Disappearing statistics

A wire-service article appeared yesterday on the Boston Globe’s website, boston.com, but now the article has mysteriously disappeared. Fortunately most of it is still available elsewhere, so we can examine its questionable use of statistics. It begins by reporting some vaguely alarming statistics:
A state Department of Public Health study finds that certain types of cancer are far above the state average in some western Massachusetts communities.
But don’t get too alarmed:
Nine other western Massachusetts towns had cancer rates below state average.
Gee, what a surprise! Some towns had cancer rates above average, and others had cancer rates below average. No numbers, of course, except for an unclear observation that “pancreatic cancer among men in Easthampton is 128 percent above the average.” Given the general level of reporting in this article, we don’t even know whether they really mean 128% above the mean (or is it median?); very possibly they mean 128% of the mean (or median). In any case, we know nothing about the actual incidence of pancreatic cancer or the population of Easthampton. Perhaps the state mean would have predicted 1.3 cases and there were really 3, which is hardly likely to be statistically significant.

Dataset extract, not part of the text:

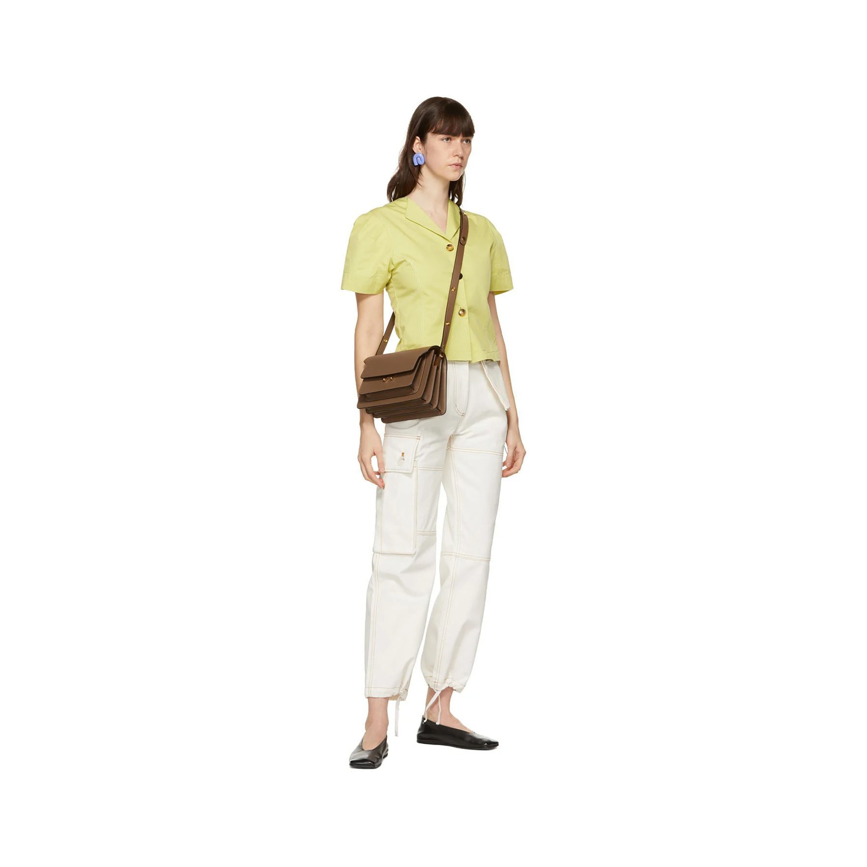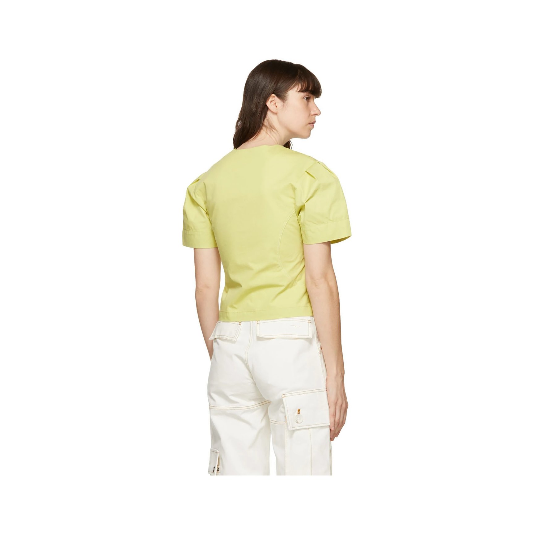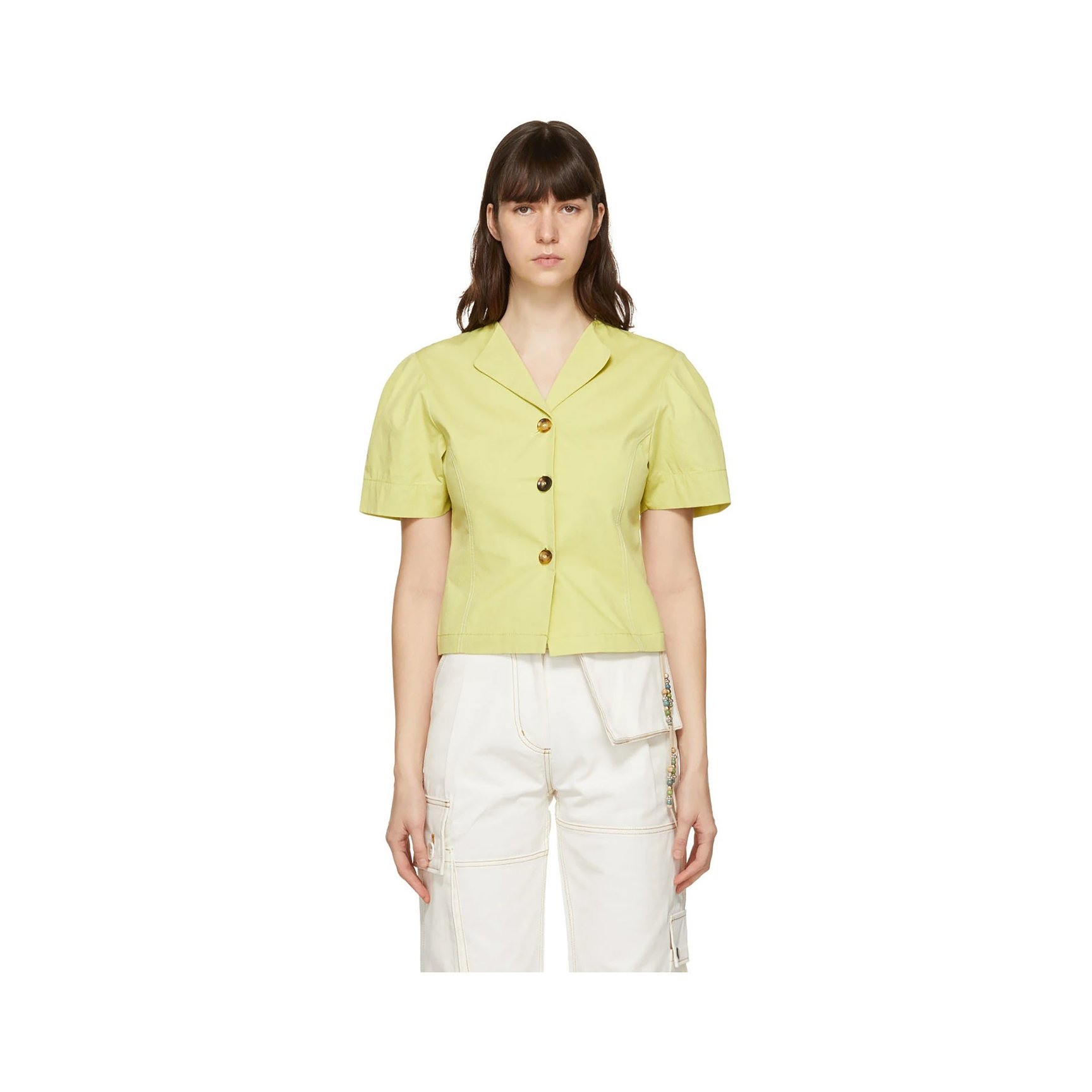 レモンイエローカラーの半袖シャツです。パフスリーブならではのボリューム感を、オープンカラーやウエスト丈で絶妙なバランスに仕上げています。

I know, numbers don’t sell. But they are essential if we’re to understand the point behind this article. Of course some towns are above average and others are below, but what does that prove?

Interestingly, the sentences omitted from this version include the observations that town A is above average in pancreatic cancer, B in breast cancer, C in stomach cancer, and so forth. No one town is above average in more than one type. This leads us to be even more suspicious about the statistical significance here.